Pour faire face aux crises écologique, économique et sociale que subit l’industrie automobile, certains acteurs politiques, au premier rang desquels le Premier ministre, n’ont rien trouvé de mieux que de promouvoir la construction d’un nouveau circuit de Formule1 aux portes de Paris. Alors que tout indique que le secteur automobile doit changer de modèle pour rencontrer les attentes des consommateurs, la France opte pour un projet d’infrastructure de pur prestige. L’un des lieux envisagés pour implanter ce nouveau circuit de F1 est un terrain prévu pour accueillir le plus grand projet d’agriculture biologique d’Ile-de-France sur les communes de Flins et des Mureaux. Pire, ce circuit se situerait sur l’une des principales nappes phréatiques d’Ile de France… ! Alors que les principaux constructeurs automobiles quittent la formule1, nous demandons que la France abandonne immédiatement ce projet de circuit d’un autre temps et rende ces terres aux agriculteurs.

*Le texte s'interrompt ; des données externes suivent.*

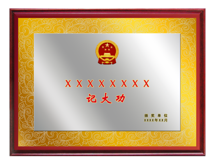 说明:奖牌正中上方为一枚金属材质国徽,中间部分分别为获奖集体名称(字体为魏碑,78号字)、受到何种奖励(字体为魏碑,95号字),右下部分为颁奖单位名称和颁奖日期(字体为黑体,30号字)。

• Flins sans F1 : http://www.flinssanscircuitf1.org/
• Val d’Oise sans F1 : http://www.valdoisesansf1.org/


Nucléaire : l'EPReuve de force !

Même dans les scénarios productivistes les moins favorables à la maîtrise de l’énergie, la France est et restera pour longtemps un pays dont les moyens de production dépassent allègrement la consommation électrique moyenne. Pourtant, en favorisant le développement du chauffage électrique (dont l’efficacité énergétique ne dépasse pas 30 %) ainsi que la climatisation en été, la France subit des hausses brutales de sa consommation notamment en fin de journée. Ces pics de consommation obligent la France à recourir à de vieilles centrales fioul et charbon, seules aptes à répondre à cette demande spécifique, faute d’investissement dans les énergies renouvelables. Le bilan carbone du kWh électrique en période de pointe de consommation est évalué à plus de 600 grammes de CO2.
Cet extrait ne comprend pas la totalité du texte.